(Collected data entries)

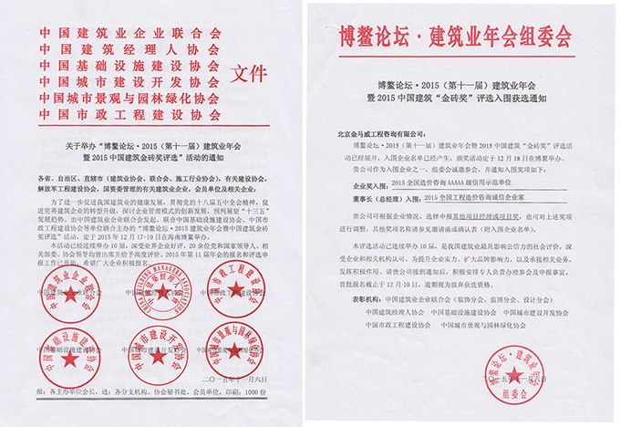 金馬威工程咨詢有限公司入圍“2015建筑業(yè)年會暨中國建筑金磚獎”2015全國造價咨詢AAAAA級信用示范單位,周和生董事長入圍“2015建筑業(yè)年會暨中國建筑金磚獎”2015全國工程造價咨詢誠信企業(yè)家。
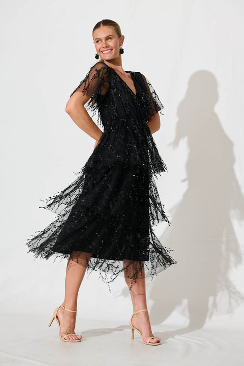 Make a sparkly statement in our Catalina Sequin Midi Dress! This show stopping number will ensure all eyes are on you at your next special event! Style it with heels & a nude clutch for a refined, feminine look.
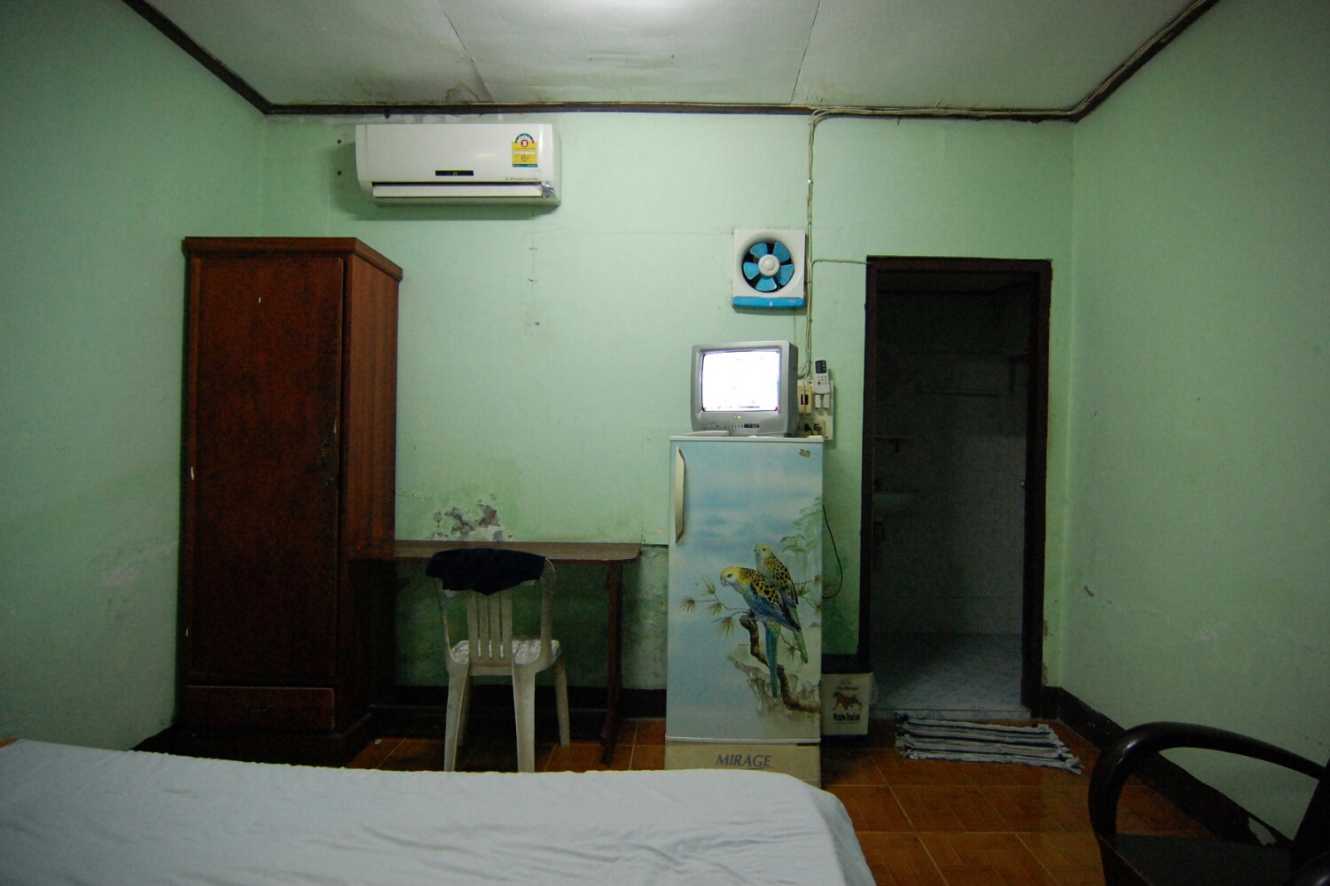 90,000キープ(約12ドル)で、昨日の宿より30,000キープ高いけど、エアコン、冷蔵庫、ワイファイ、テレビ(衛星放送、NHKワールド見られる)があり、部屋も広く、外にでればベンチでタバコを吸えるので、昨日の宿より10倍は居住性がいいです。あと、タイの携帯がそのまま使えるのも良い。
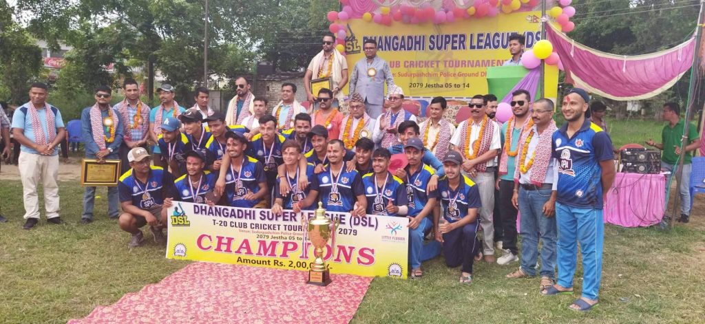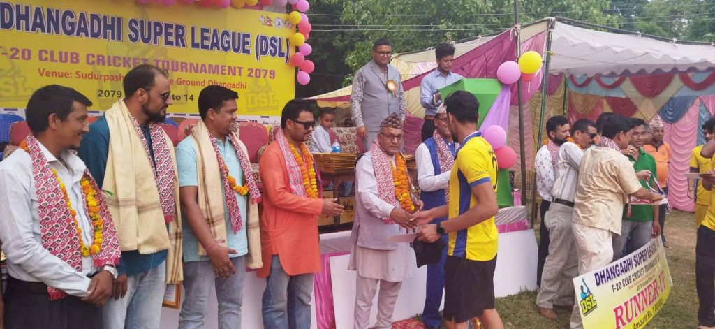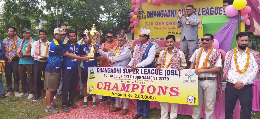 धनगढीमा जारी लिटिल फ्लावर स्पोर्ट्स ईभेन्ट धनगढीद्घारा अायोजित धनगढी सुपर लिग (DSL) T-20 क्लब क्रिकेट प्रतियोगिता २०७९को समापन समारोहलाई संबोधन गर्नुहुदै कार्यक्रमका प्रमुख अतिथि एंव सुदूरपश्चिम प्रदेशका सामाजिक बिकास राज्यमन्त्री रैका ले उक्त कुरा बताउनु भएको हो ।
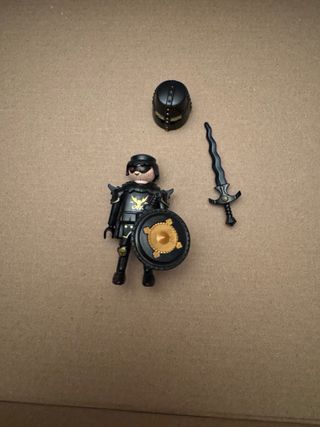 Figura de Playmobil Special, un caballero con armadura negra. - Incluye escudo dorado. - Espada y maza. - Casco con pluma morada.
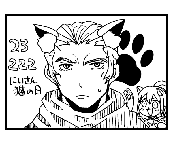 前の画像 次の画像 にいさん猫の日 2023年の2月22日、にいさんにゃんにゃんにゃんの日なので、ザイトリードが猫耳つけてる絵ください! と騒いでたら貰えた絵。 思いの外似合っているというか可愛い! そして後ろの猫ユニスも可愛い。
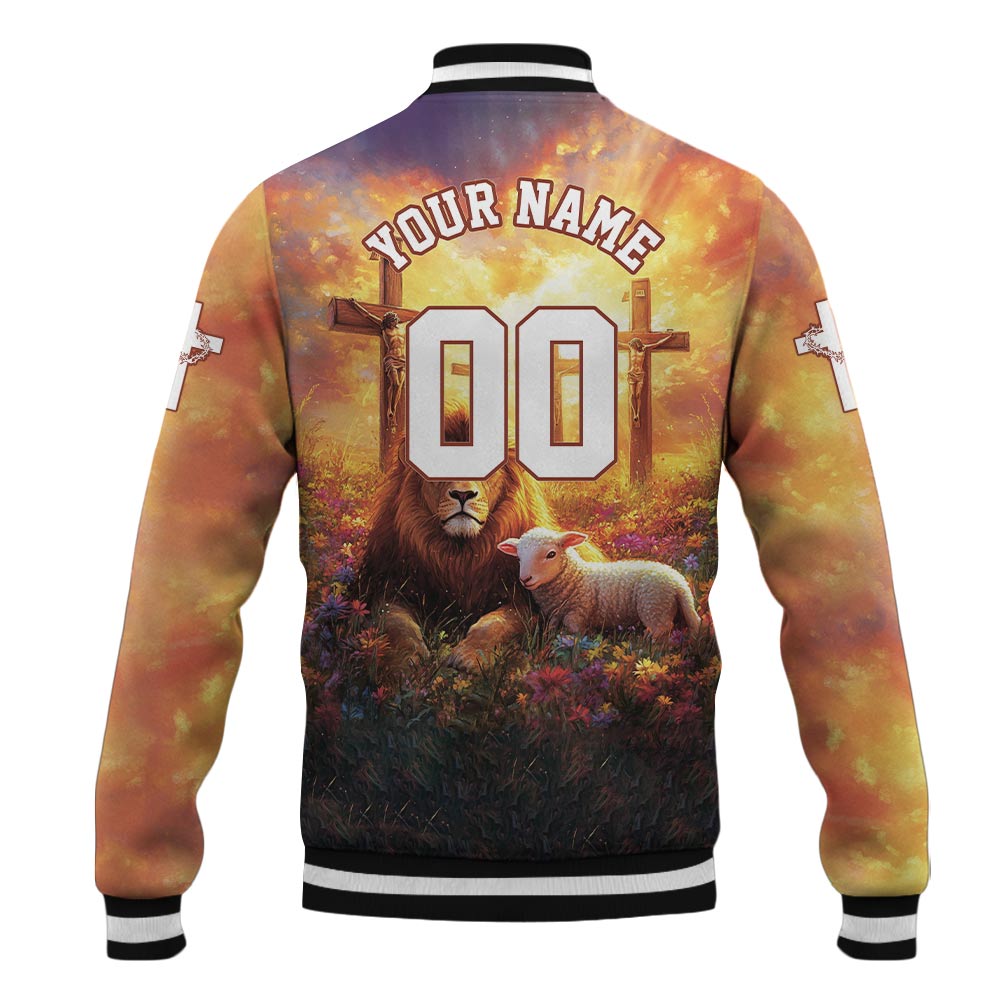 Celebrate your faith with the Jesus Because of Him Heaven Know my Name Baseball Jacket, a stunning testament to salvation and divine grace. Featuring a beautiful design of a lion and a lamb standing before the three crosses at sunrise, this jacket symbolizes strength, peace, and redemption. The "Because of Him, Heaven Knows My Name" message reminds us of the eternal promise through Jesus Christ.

PROBLEM: Repeat the records word for word and drop any pictures.

ANSWER FOR THE TASK:
 金馬威工程咨詢有限公司入圍“2015建筑業(yè)年會暨中國建筑金磚獎”2015全國造價咨詢AAAAA級信用示范單位,周和生董事長入圍“2015建筑業(yè)年會暨中國建筑金磚獎”2015全國工程造價咨詢誠信企業(yè)家。
 Make a sparkly statement in our Catalina Sequin Midi Dress! This show stopping number will ensure all eyes are on you at your next special event! Style it with heels & a nude clutch for a refined, feminine look.
 90,000キープ(約12ドル)で、昨日の宿より30,000キープ高いけど、エアコン、冷蔵庫、ワイファイ、テレビ(衛星放送、NHKワールド見られる)があり、部屋も広く、外にでればベンチでタバコを吸えるので、昨日の宿より10倍は居住性がいいです。あと、タイの携帯がそのまま使えるのも良い。
 धनगढीमा जारी लिटिल फ्लावर स्पोर्ट्स ईभेन्ट धनगढीद्घारा अायोजित धनगढी सुपर लिग (DSL) T-20 क्लब क्रिकेट प्रतियोगिता २०७९को समापन समारोहलाई संबोधन गर्नुहुदै कार्यक्रमका प्रमुख अतिथि एंव सुदूरपश्चिम प्रदेशका सामाजिक बिकास राज्यमन्त्री रैका ले उक्त कुरा बताउनु भएको हो ।
 Figura de Playmobil Special, un caballero con armadura negra. - Incluye escudo dorado. - Espada y maza. - Casco con pluma morada.
 前の画像 次の画像 にいさん猫の日 2023年の2月22日、にいさんにゃんにゃんにゃんの日なので、ザイトリードが猫耳つけてる絵ください! と騒いでたら貰えた絵。 思いの外似合っているというか可愛い! そして後ろの猫ユニスも可愛い。
 Celebrate your faith with the Jesus Because of Him Heaven Know my Name Baseball Jacket, a stunning testament to salvation and divine grace. Featuring a beautiful design of a lion and a lamb standing before the three crosses at sunrise, this jacket symbolizes strength, peace, and redemption. The "Because of Him, Heaven Knows My Name" message reminds us of the eternal promise through Jesus Christ.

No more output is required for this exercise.